Mr. Grassley helped draft the Senate version of Mr. Rutherford’s safety grant bill and announced Wednesday that he plans to introduce separate legislation to help the Secret Service’s National Threat Assessment Center conduct research into school violence.

Senate Democrats said they want to go bigger.

“We don’t have a scheduled vote. We don’t have a bill that has moved out of committee to the floor,” said Sen. Cory A. Booker, New Jersey Democrat. “We don’t seem to have the moral urgency to do things that we see that are obvious to do.”

Some in Congress are also eyeing a ban on “bump stocks,” which are after-market add-ons that effectively increase the rate of fire of semi-automatic rifles to that of machine guns.

Bump stocks gained attention after about a dozen were found in the hotel room of the gunman who killed nearly 60 people and wounded hundreds of others in Las Vegas last year.

The Obama administration determined that it couldn’t ban the devices administratively, but the Trump administration said this weekend that it will try anyway.
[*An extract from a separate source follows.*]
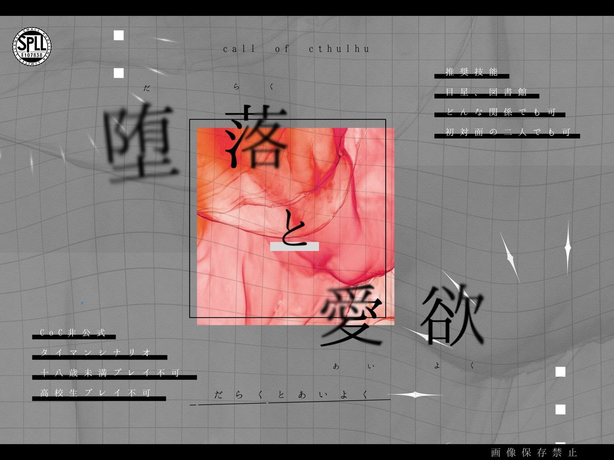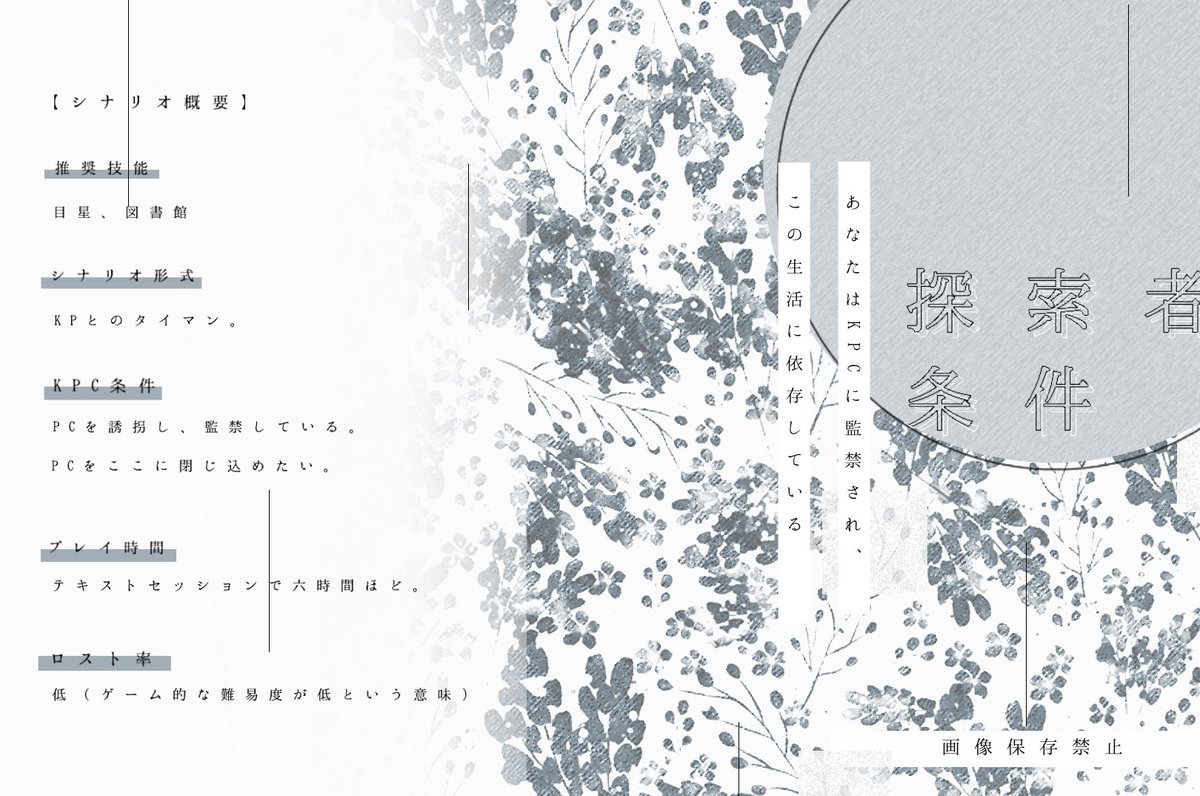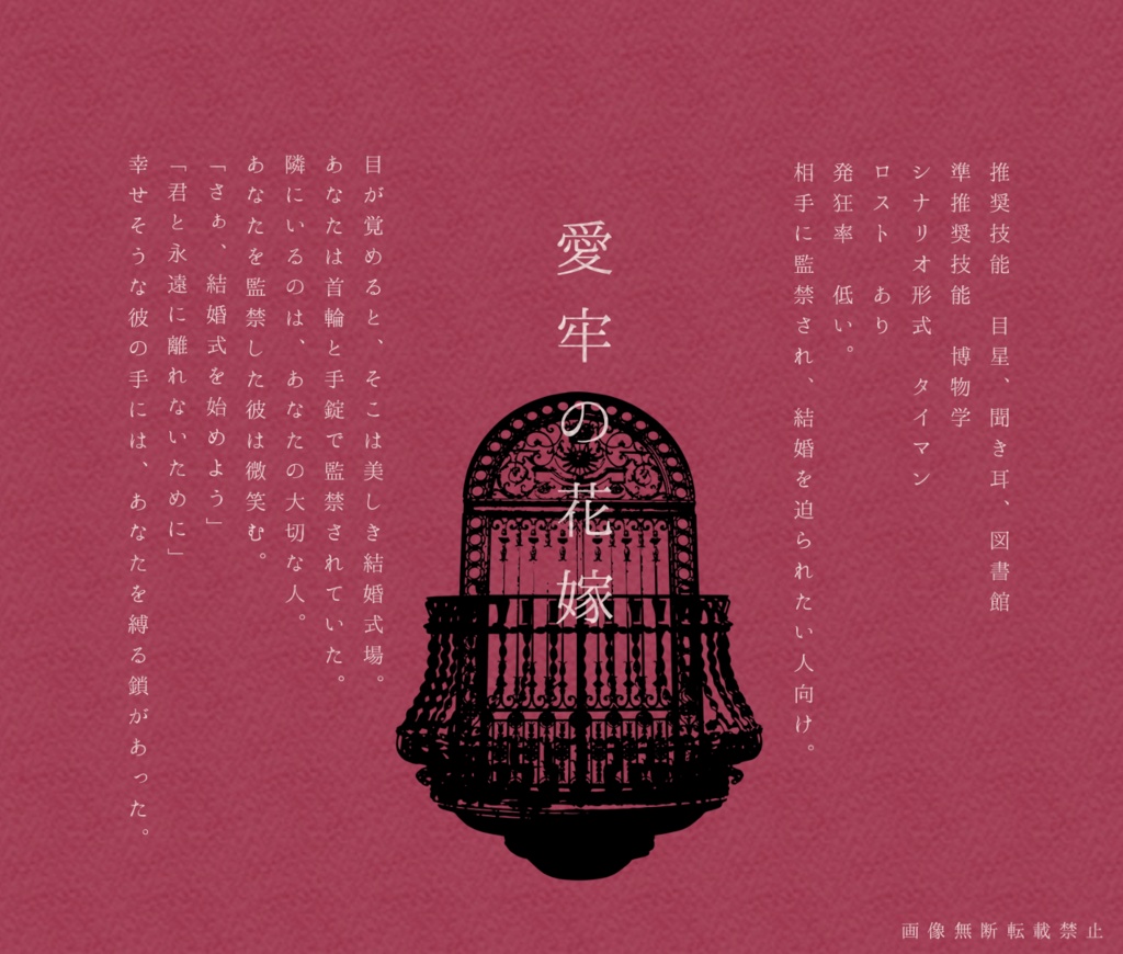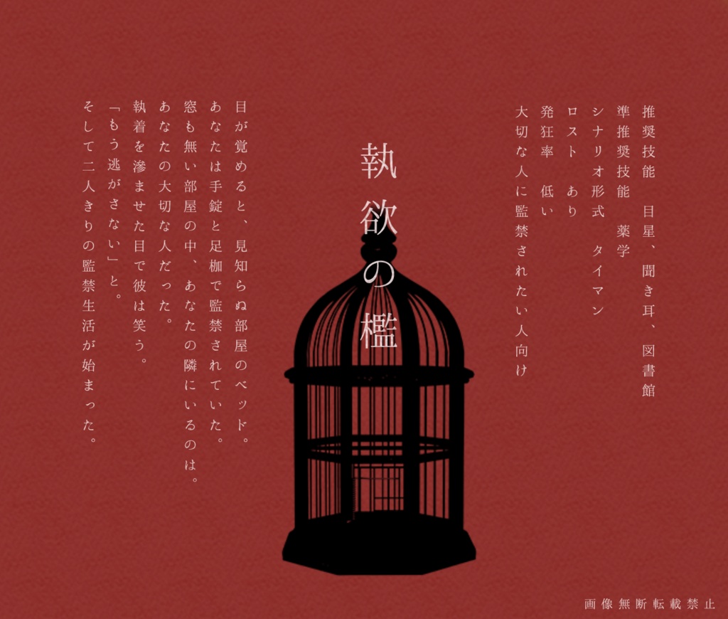 ヤンデレ×監禁テーマにしたCoCタイマンシナリオを三本収録したシナリオ集です。こちらのシナリオは全て六版対応です。

“[A] law is clearly the best route, but we’re doing everything within the executive branch that we can do … to enhance public safety, to keep an open mind about bump stocks,” Thomas E. Brandon, acting director of the Bureau of Alcohol, Tobacco, Firearms and Explosives, said at Wednesday’s hearing.

The committee also heard from Ryan Petty, whose daughter Alaina was killed at Stoneman Douglas. Mr. Petty praised a bill passed last week by the Florida Legislature. That legislation increased the state’s minimum age to buy most rifles from 18 to 21, allowed for new court orders to block guns from potentially dangerous people and paved the way for non-faculty school employees to carry weapons on campus.

Nikolas Cruz and the deadly danger he posed were the worst-kept secrets in Parkland,” Mr. Petty said. “Every relevant authority knew he was deeply troubled with a potential for lethal violence.”

Katherine Posada, a teacher who survived the Feb. 14 shooting, said many elements in the Florida bill took steps in the right direction, but she opposes putting more guns in schools.

“While increased funding for mental health programs and school security will no doubt have positive effects, mass shootings will not stop until we rid society of the weapons that make them possible,” she said.